I've seen many questions about the infamous SettingWithCopy
warning. I've even ventured to answer a few of them. Recently, I was putting together an answer that involved this topic and I wanted to present the benefit of a dataframe view. I failed to produce a tangible demonstration of why it is a good idea to create a dataframe view or whatever the thing is that generates SettingWithCopy
Consider df
df = pd.DataFrame([[1, 2], [3, 4]], list('ab'), list('AB'))
df
A B
x 1 2
y 3 4
and dfv
which is a copy of df
dfv = df[['A']]
print(dfv.is_copy)
<weakref at 0000000010916E08; to 'DataFrame' at 000000000EBF95C0>
print(bool(dfv.is_copy))
True
I can generate the SettingWithCopy
dfv.iloc[0, 0] = 0
However, dfv
has changed
print(dfv)
A
a 0
b 3
df
has not
print(df)
A B
x 1 2
y 3 4
and dfv
is still a copy
print(bool(dfv.is_copy))
True
If I change df
df.iloc[0, 0] = 7
print(df)
A B
x 7 2
y 3 4
But dfv
has not changed.
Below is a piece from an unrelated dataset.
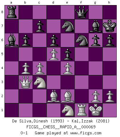 Last move : 0-1 2009 December 9 7:31:57 [Event "FICGS__CHESS__RAPID_A__000069"] [Site "FICGS"] [Date "2009.09.17"] [Round "1"] [White "De Silva,Dinesh"] [Black "Kal,Izzak"] [Result "0-1"] [WhiteElo "1993"] [BlackElo "2081"] 1.d4 Nf6 2.c4 g6 3.Nc3 Bg7 4.e4 d6 5.Nf3 O-O 6.Be2 e5 7.O-O Nc6 8.d5 Ne7 9.Ne1 Nd7 10.Be3 f5 11.f3 b6 12.b4 a5 13.a3 Ba6 14.Rc1 axb4 15.axb4 Qe8 16.Qb3 fxe4 17.fxe4 Rxf1+ 18.Bxf1 Nf6 19.Be2 Qf8 20.Nf3 Ng4 21.Bd2 h6 22.Rf1 Nf6 23.Ne1 Kh7 0-1 King's Indian : Orthodox, Aronin-Taimanov variation (Yugoslav attack / Mar del Plata variation) Kingside Castling by player Black (move 5) Kingside Castling by player White (move 7) Player Black won this chess game. Follow this game move after move (download)Personally, I rather look forward to a computer program winning the world Chess Championship. Humanity needs a lesson in humility. (Richard Dawkings) Unter Putin wird alles Geld aus Russland wie von einem Staubsauger nach Moskau umgeleitet, das ist wie ein schwarzes Loch. (Garry Kasparov) Juega la Apertura como un libro, el Juego Medio como un mago y los Finales como una máquina. (Spielmann) Celui qui prend des risques peut perdre, celui qui n'en prend pas perd toujours. (Xavier Tartacover) Even the best needles are not sharp at both ends. (Chinese proverb)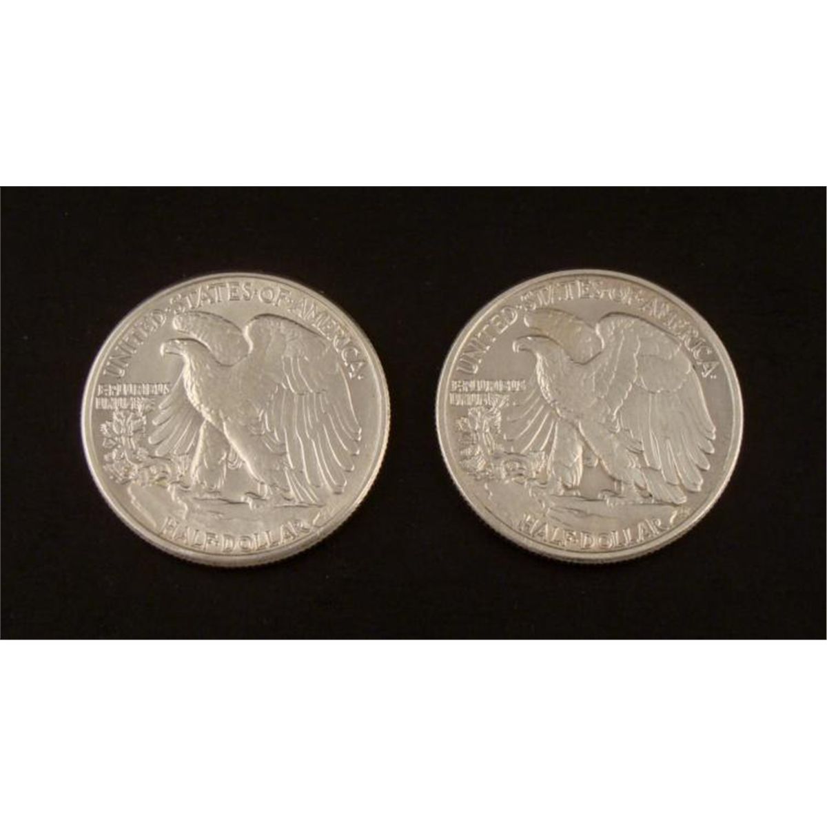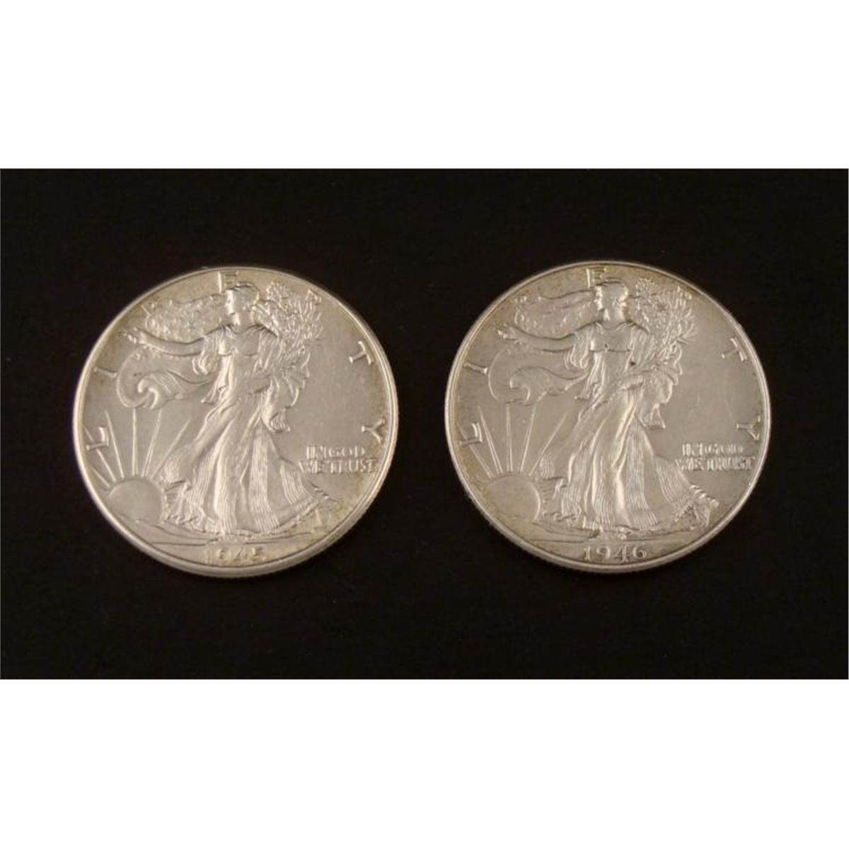 2 Different date Walking Liberty Silver Half DollarsDates: 1945, 1946Condition: Very Hi-Grade

However, I can reference df
from dfv
print(dfv.is_copy())
A B
x 7 2
y 3 4
Question
If dfv
maintains it's own data (meaning, it doesn't actually save memory) and it assigns values via assignment operations despite warnings, then why do we bother saving references in the first place and generate SettingWithCopyWarning
at all?
What is the tangible benefit?